I missed this last week, but this is great news:
In a major vindication for Edward Snowden — and a blow for the national security policy pursued by Republicans and Democrats alike — the U.S. Court of Appeals for the Second Circuit ruled Thursday that the National Security Agency’s metadata collection program is unlawful. This is the most serious blow to date for the legacy of the USA Patriot Act and the surveillance overreach that followed 9/11.
The central question depended on the meaning of the word “relevant”: Was the government’s collection relevant to an investigation when it collects all the metadata for any phone call made to or from anywhere in the U.S.?

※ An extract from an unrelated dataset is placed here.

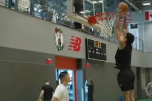 由視頻可見(jiàn),塔圖姆已經(jīng)可以在原地起跳完成雙手扣籃,塔圖姆配文寫(xiě)道:“一定是鞋子的原因?????!?/p>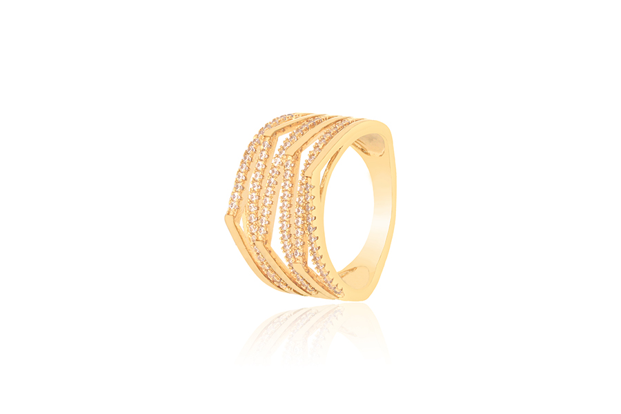 ANEL BANHADO EM OURO, 10mm LARGURA COM 3 ZIRCÔNIAS 2 E 4mm

The court said no. That was the right decision — not so much because it protects privacy, as because it broke the bad precedent of secret law created by the NSA and endorsed by the secret national security court known as the Foreign Intelligence Surveillance Court.
The first striking thing about the court’s opinion was how openly it relied on Snowden’s revelations of classified material. The court described how the program was known — by Snowden’s leaks. It also analyzed the NSA order to Verizon, leaked by Snowden, that proved the existence of the program and revealed indirectly the legal reasoning that the government relied on to authorize the metadata collection.
The Second Circuit seemed supremely untroubled by the origin of the information in a violation of classification laws. At one point, it noted that the government disputed the claim that virtually all metadata are being collected — then dismissed the government’s suggestion as unconvincing in the light of the evidence. Today, it would seem, the Snowden revelations are treated as judicially knowable facts, at least in this court.
Then there’s the legal reasoning, which was equally striking. To get to the conclusion of unlawfulness, the Second Circuit initially had to find that anyone who has had metadata collected — that is, anyone in the U.S. — has the right to sue and challenge the statute.
The government said no one could challenge the NSA program except the telephone companies, like Verizon, who received the order. Its logic was particularly Orwellian. The Department of Justice argued that the Patriot Act demanded secrecy in reviewing challenges to the surveillance program. The secrecy, in turn, implied that the statute meant to preclude anyone from challenging the program under the non-secret provisions of the Administrative Procedure Act, the catch-all statute for challenging unlawful government programs.
The Second Circuit wisely rejected what it called this “argument from secrecy.” It reversed a lower district court that had refused to allow the suit to proceed, and set the stage for an analysis of relevance under the statute.
Those who attack Snowden miss the fact that had he not done what he had done, the courts wouldn’t even have the capability to know what the government was doing in order to judge the legality. That’s the catch-22 that is terrifying. They secretly do whatever the fuck they want, and then no one is even allowed to determine whether what they are doing is proper.
The Intercept is releasing a great deal more of the Snowden archive. You should check it out.
*** Update ***
Apparently wrong way Cole can’t read bylines. This was from last YEAR, not last week. No idea how I stumbled across it in my browsing yesterday. So yes, I’m an idiot.